▶ [Task inputs]:
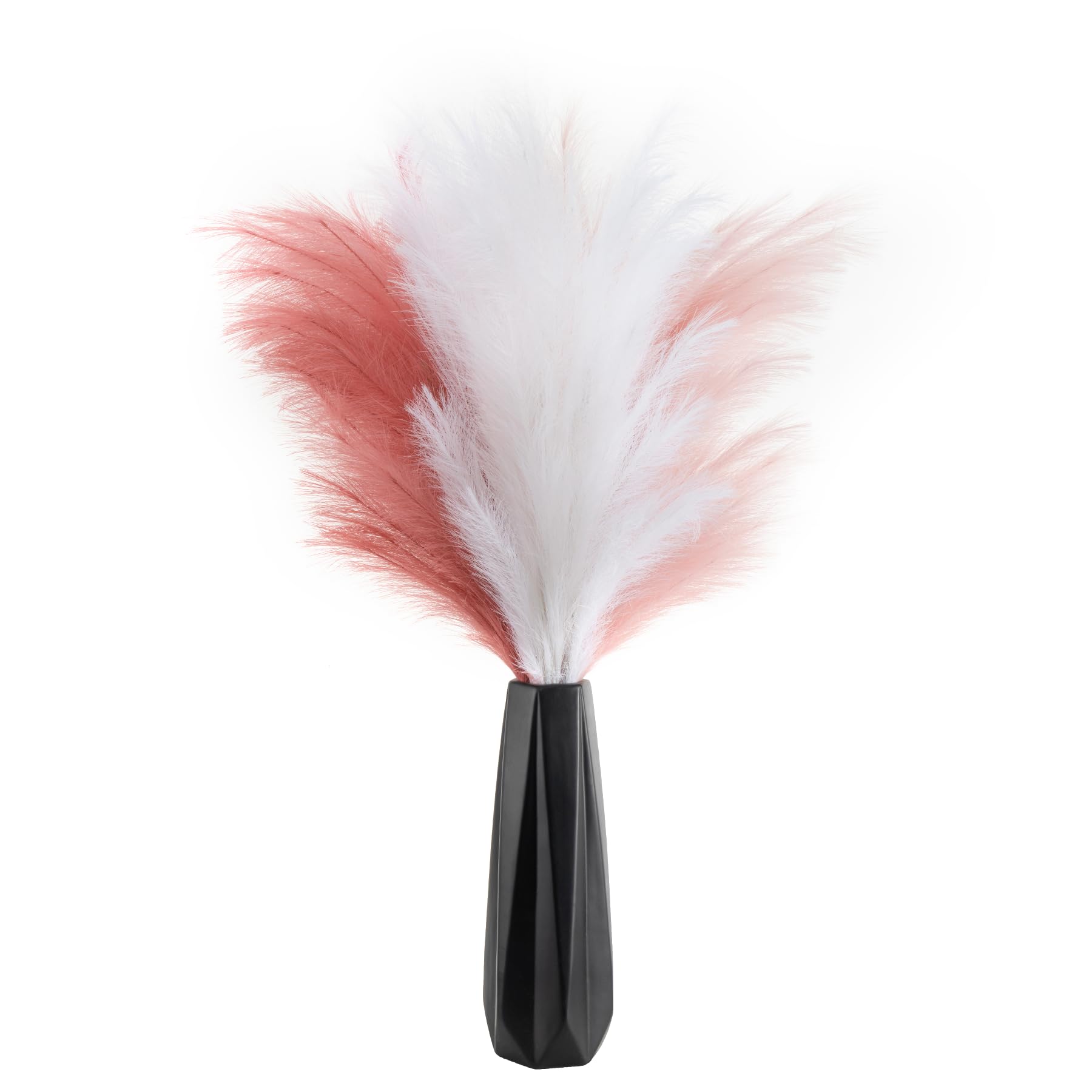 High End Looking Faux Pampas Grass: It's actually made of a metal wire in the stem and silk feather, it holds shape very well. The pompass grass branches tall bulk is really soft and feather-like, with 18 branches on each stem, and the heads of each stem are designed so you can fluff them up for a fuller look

---

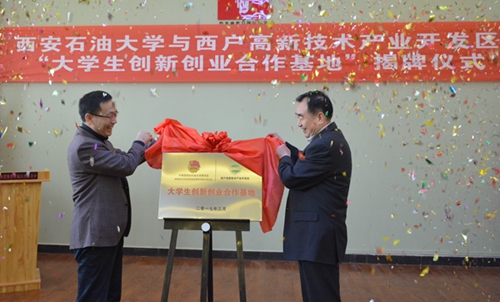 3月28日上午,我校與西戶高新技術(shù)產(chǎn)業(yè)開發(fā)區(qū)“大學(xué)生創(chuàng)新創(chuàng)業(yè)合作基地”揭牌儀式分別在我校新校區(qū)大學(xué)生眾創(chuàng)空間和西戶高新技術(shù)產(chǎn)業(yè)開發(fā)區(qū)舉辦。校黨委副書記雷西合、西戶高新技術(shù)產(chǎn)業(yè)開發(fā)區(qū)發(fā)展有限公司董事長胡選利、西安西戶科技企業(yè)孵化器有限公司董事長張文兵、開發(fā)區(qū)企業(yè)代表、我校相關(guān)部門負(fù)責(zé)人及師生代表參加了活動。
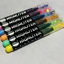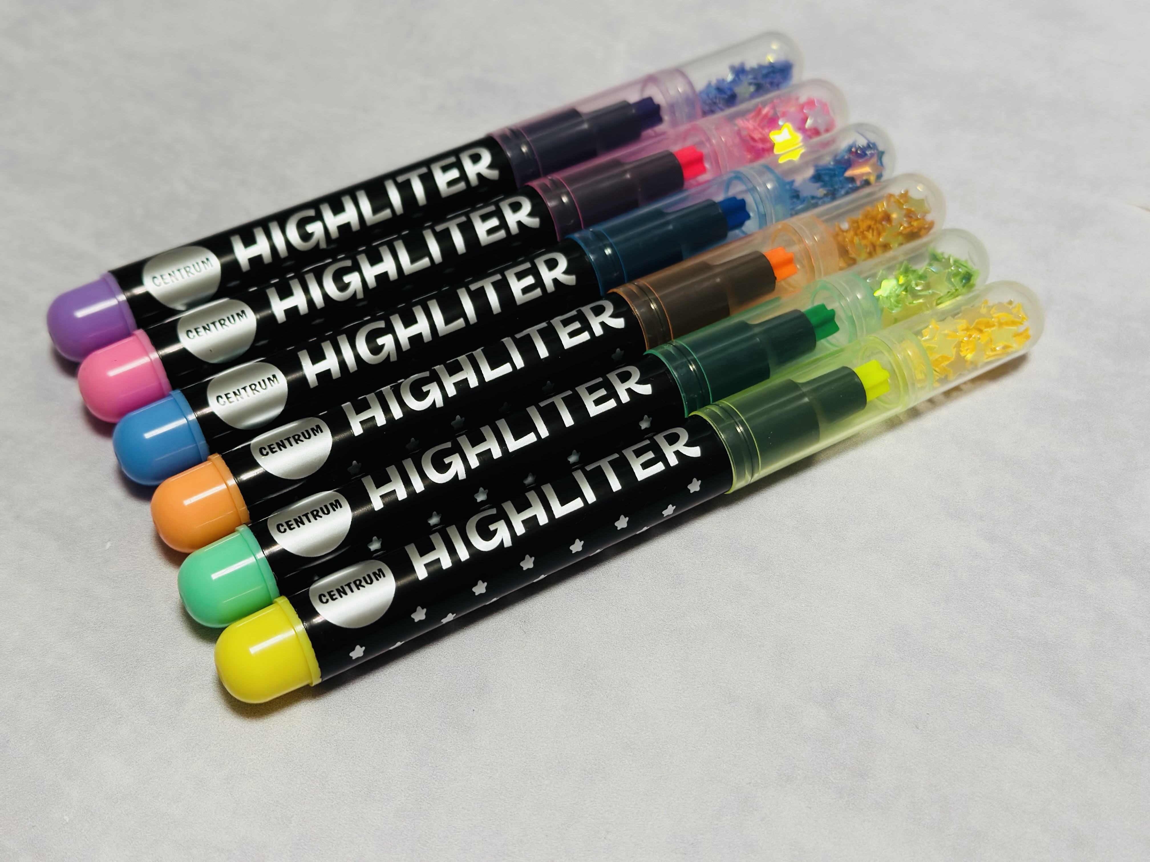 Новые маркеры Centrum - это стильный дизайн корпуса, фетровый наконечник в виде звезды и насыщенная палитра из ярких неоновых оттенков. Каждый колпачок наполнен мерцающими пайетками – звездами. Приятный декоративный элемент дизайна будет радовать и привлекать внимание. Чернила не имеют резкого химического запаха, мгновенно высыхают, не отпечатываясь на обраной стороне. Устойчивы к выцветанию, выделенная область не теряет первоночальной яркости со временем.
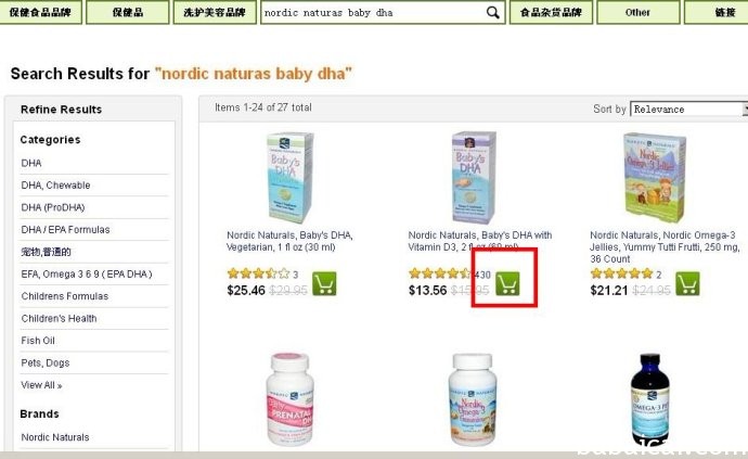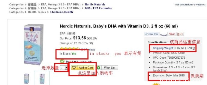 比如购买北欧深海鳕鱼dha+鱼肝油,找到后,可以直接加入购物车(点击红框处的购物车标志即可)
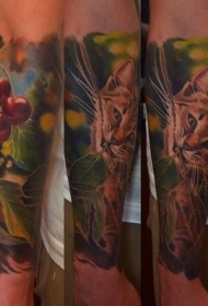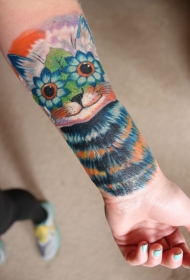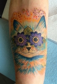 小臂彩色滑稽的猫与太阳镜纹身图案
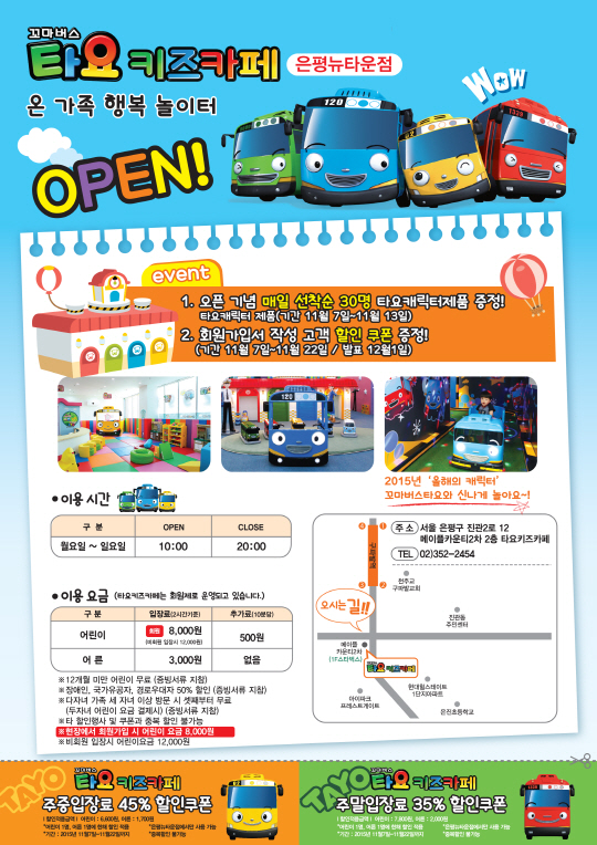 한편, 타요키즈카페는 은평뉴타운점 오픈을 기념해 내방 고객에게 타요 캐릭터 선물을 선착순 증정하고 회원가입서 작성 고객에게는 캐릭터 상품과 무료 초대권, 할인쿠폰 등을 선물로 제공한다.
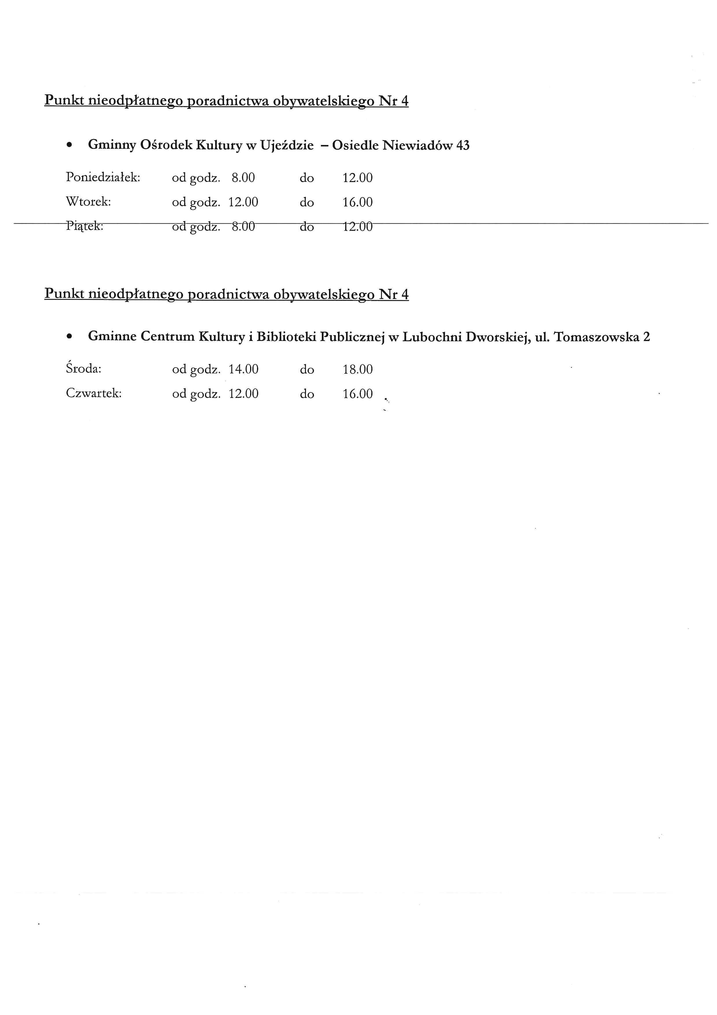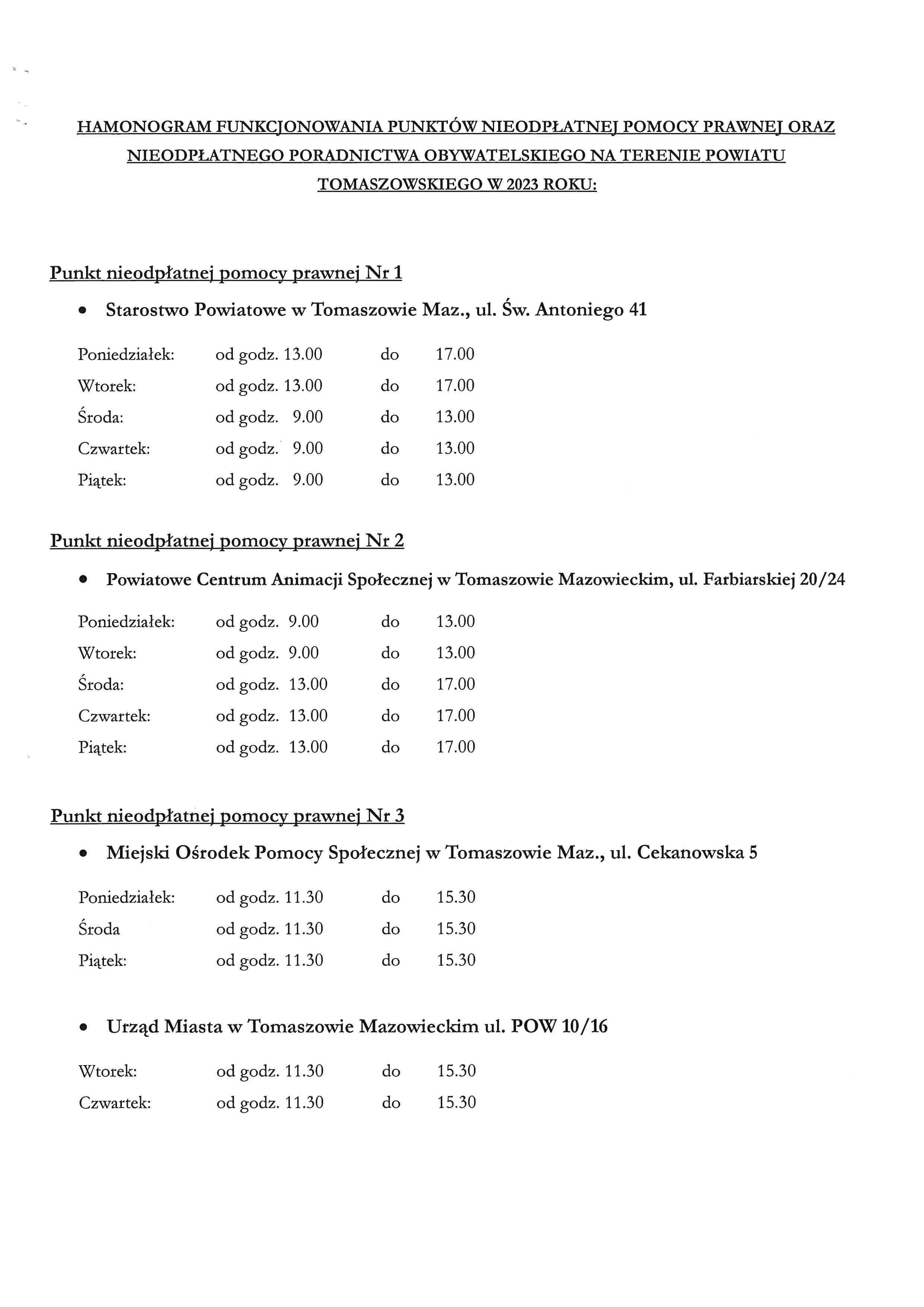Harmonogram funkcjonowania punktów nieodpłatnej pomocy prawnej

▶ [Exercise description]:
From the records above, transcribe exactly the lines starting at the one containing "한편, 타요키즈카페는 은평뉴타운점" and ending at the one containing "Harmonogram funkcjonowania punktów". Skip the pictures.

▶ [Answer to the problem]:
 한편, 타요키즈카페는 은평뉴타운점 오픈을 기념해 내방 고객에게 타요 캐릭터 선물을 선착순 증정하고 회원가입서 작성 고객에게는 캐릭터 상품과 무료 초대권, 할인쿠폰 등을 선물로 제공한다.
Harmonogram funkcjonowania punktów nieodpłatnej pomocy prawnej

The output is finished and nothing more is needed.